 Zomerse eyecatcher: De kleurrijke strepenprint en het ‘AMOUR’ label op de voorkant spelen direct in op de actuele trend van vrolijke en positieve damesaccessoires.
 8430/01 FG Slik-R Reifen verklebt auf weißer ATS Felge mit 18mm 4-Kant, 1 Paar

*-*-*

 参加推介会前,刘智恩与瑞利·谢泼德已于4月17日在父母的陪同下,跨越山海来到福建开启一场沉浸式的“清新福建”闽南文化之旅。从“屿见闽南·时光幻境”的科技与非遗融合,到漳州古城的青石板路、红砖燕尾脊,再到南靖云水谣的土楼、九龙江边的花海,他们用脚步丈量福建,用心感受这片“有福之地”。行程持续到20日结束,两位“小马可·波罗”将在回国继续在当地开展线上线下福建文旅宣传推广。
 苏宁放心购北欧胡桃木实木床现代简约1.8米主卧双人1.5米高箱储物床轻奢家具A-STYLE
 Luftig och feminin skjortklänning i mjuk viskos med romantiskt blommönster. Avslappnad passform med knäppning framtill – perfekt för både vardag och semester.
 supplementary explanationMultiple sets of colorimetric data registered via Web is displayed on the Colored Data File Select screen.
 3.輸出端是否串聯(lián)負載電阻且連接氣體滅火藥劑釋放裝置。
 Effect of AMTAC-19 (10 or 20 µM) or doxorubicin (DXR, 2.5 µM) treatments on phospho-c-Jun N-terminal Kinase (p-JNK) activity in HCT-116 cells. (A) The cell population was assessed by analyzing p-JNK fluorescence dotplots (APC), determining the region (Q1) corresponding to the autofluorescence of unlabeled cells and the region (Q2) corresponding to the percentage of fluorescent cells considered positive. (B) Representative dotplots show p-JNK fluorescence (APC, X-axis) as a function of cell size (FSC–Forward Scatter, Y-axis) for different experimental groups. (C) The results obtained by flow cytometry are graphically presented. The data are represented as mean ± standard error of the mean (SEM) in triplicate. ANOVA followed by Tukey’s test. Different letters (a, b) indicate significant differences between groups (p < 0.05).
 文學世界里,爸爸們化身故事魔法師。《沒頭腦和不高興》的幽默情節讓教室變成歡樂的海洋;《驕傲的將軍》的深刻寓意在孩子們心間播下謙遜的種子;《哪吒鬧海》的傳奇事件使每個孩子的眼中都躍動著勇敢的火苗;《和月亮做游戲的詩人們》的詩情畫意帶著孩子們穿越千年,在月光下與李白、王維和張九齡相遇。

*-*-*

» **Goal of the exercise**
From the records above, quote only the lines running from the line with "Zomerse eyecatcher: De kleurrijke" to the line with "8430/01 FG Slik-R", both lines included.

» **Solution below**
 Zomerse eyecatcher: De kleurrijke strepenprint en het ‘AMOUR’ label op de voorkant spelen direct in op de actuele trend van vrolijke en positieve damesaccessoires.
 8430/01 FG Slik-R Reifen verklebt auf weißer ATS Felge mit 18mm 4-Kant, 1 Paar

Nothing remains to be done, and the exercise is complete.